Код долголетия. 12 понятных и доступных способов сохранить здоровье, ясность ума и привлекательность на долгие годы - Джеймс ДиНиколантонио
Мозг автоматически, бессознательно регулирует наше желание есть соль [32] – точно так же, как и чувство жажды. Уровень соли в организме не меняется, когда вы меняете рацион питания, – организм сам поддерживает стабильный уровень соли вне зависимости от того, как много или мало вы ее съедаете. Количество соли в организме, невероятно важное для вашей жизни и благополучия, не зависит от капризов вашего питания, которое может меняться час от часа, день ото дня, сезон от сезона.
Преждевременный обвинительный вердикт против соли должен был быть отменен еще в 2014 г., после публикации метаанализа Cochrane [33], где говорилось, что ограничение соли в еде приводит к минимальному снижению артериального давления, но вот риск смерти и сердечно-сосудистых заболеваний никак не меняется. Системный анализ 2016 г. снова показал, что низкосолевые диеты не снижают артериальное давление у пациентов, у которых нет гипертонии [34]. Миллионы людей с нормальным давлением, которые пытаются есть меньше соли, вообще не получают никакой пользы. Так зачем тогда рекомендовать ограничение соли всему населению мира? Сколько нам еще нужно доказательств, чтобы наконец отменить эту рекомендацию?

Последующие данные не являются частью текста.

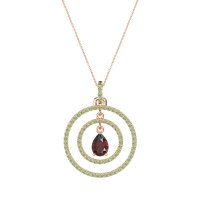 This Garnet and Peridot Necklace is casted in 14K Rose Gold. This Women’s Halo necklace features exceptionally fine gemstones, on par with those found in the world's most exclusive boutiques and among the top 10% available globally. Luminous Pendant Showcasing A Pear-shaped Center Stone Embraced By Two Concentric Halos Of Shimmering Accents. This necklace comes with a complimentary 18-inch chain. Enjoy the confidence of our 30-day, stress-free return policy—with return shipping fully covered. Each piece is also accompanied by a Lifetime Warranty, ensuring lasting beauty and peace of mind.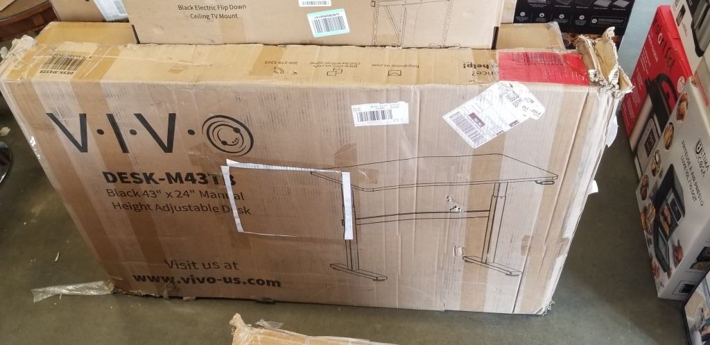 VIVO MANUAL HEIGHT ADJUSTABLE DESK, 43" X 24, BLACK

Если вы до сих пор боитесь солонки, знайте: ваши страхи основаны не на фактах. Не корите себя за то, что солите еду; соль – это важнейший микронутриент. До сих пор нет никаких доказательств того, что ограничение соли улучшит здоровье, но зато данные показывают, что употребление нормальных порций соли продлевает жизнь и уменьшает риск инсультов и сердечных приступов. Мы много лет были неправы насчет соли, и наше здоровье все это время страдало. Пора вернуть соль обратно на почетное место на обеденном столе.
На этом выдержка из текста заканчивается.